Все сразу навострили уши: как это так?
– А так. Разделим Сафари на две части: на садоводческое товарищество и фермерское братство. Кому что удобней. В первом будет галдёж и голосование руками, во втором – строгая дисциплина и голосование ногами… на выход из братства.
– А смысл, смысл какой в вашем братстве? – недоверчиво вопрошал Заремба.
– Чтобы пожизненно стать каждому человеком вне подозрений. Это как разница между порядочностью и благородством. Порядочный человек из кожи вон лезет, чтобы быть порядочным, а благородный поступает, как хочет, а потом оказывается, что все его поступки порядочны. Надоело хамство, надоело пренебрежение одного человека интересами другого. Хочется другой человеческой породы, живущей по другим законам. Переделывать чужую психологию занятие дурное и неблагодарное, поэтому всё враждебное проще изначально не подпускать к себе. В старину это лучше понимали и прятали детей от чужих глаз. А мы хотим от этого сглаза спрятаться все сообща, чтобы стать на ноги и потом уже личным примером воздействовать на окружающий мир.
Момент был решающим. И хоть слов о разрядах и рангах произнесено не было, все прекрасно понимали, что означает эта распахнутая калитка в параллельное садоводческое товарищество. Переступил – и окажешься для нас совершенно чужим человеком, не переступил – будь любезен, безоговорочно подчиняйся установленным порядкам.
И опять же прямого ответа по сафарийскому обыкновению никто не требовал. Зачем говорить человеку в глаза неприятное, гораздо удобней дать ему самому найти предлог деликатно выскользнуть за дверь, пожав всем сердечно руки.
Когда же неофиты стали выяснять конечную цель предлагаемой братской жизни, то тут им был тоже дан вполне определённый ответ о будущем Сафари.
– Необходимо восстановить связь времён, – негромкий Пашкин голос отчётливо звучал в стенах Командорского дома. – Чтобы у каждого человека было и прошлое, и будущее. Максимум, что может о себе рассказать каждый из нас, это то, что его дед достойно воевал во время войны. И всё! А о будущем детей – что они без блата с первой попытки поступили в институт. Вам нравится такая убогость? Мне – нет. Пока человек блюдет только свои сиюминутные интересы, его настоящая жизнь ещё не начиналась. Поэтому Сафари – это попытка выстроить такую общинную структуру, когда все отвечают за каждого, а каждый отвечает за всех, причём в максимально деликатной форме.
– Это что-то вроде монашеского ордена со своим уставом? – захотел уточнить Заремба.
– Монашеский устав вовсе не деликатная форма. Поэтому письменных предписаний, что делать, а что не делать у нас никогда не будет. Всё должно происходить естественным, а не формальным порядком.
– Что, даже ритуала посвящения в братство не будет? – поинтересовался Адольф.
Пашка чуть призадумался.
– Захотим – будет, не захотим – не будет. Если мы прямо сейчас обсудим, как всё именно у нас будет происходить, то сразу поставим на нашем Сафари большой жирный крест. Чем меньше мы обо всём этом будем говорить вслух, тем лучше. Я же говорю: всё должно происходить естественным порядком.
– Что же вот так просто будем сидеть и ждать, когда братская лепота сама посетит нас? – не отставал директор зверосовхоза.

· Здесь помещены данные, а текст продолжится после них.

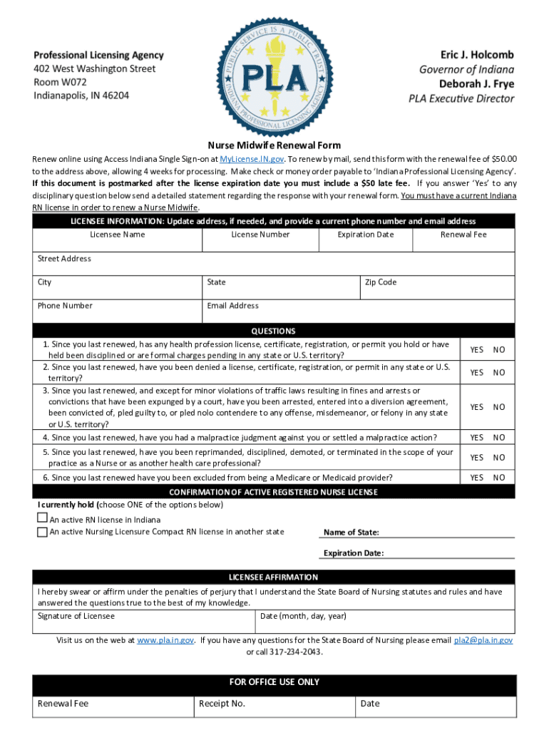 Nurse Midwife Renewal Form Renew online using Access Indiana Single Signor at License.IN.gov. To renew by mail, send this form with the renewal fee of $50.00 to the address above, allowing 4 weeks
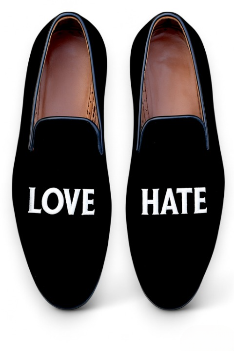 Crafted Leather Classic Black Velvet Shoes Embroidery LOVE HATE Loafers

– Два закона братства уже, кажется, сформированы и всеми приняты, – Воронец выглядел даже довольным его настойчивостью. – Это образованность и семейственность. Хочешь конкретно, вот тебе конкретно. Сафари должно превратиться в университетский кампус, где все сафарийцы станут «просвещенными казаками», совмещая труд на земле вместо военной службы с непременным профессорским преподаванием. Мол, если ты ведёшь достойный образ жизни, стремишься к постоянному самообразованию, да ещё сам родил хоть одного ребенка, то тебе по силам обучать и любых школьников со студентами.
– Уж я научу! – под общий смех заключил Адольф.
– А семейственность в чём? – не сдавался Заремба. – В куче детей?
– В том, что на весенние каникулы твои сыновья поедут в Москву и Минск не с тобой, а с Севрюгиным и женой Кузьмина. А ты сам летом поедешь в Крым с моими детьми.
– А с чьей женой? Свою я с ним в Крым не пущу, – под новый взрыв хохота вставил Шестижен.
Сказав «А», Пашка сказал и «Б», приказав Жаннет и Аполлонычу серьёзно взяться за репетиторство убеждённого двоечника Васи Генералова. Тот попробовал было артачиться, но Пашка рассудил просто: или поступишь летом в институт, или пойдешь из Сафари вон. Одновременно пристальный взгляд нашего гауляйтера был обращён в сторону симеонской школы. И как только там освободилось место физрука, Воронец тут же указал мне занять его, дабы сподручней бороться за души потенциальных сафарийцев.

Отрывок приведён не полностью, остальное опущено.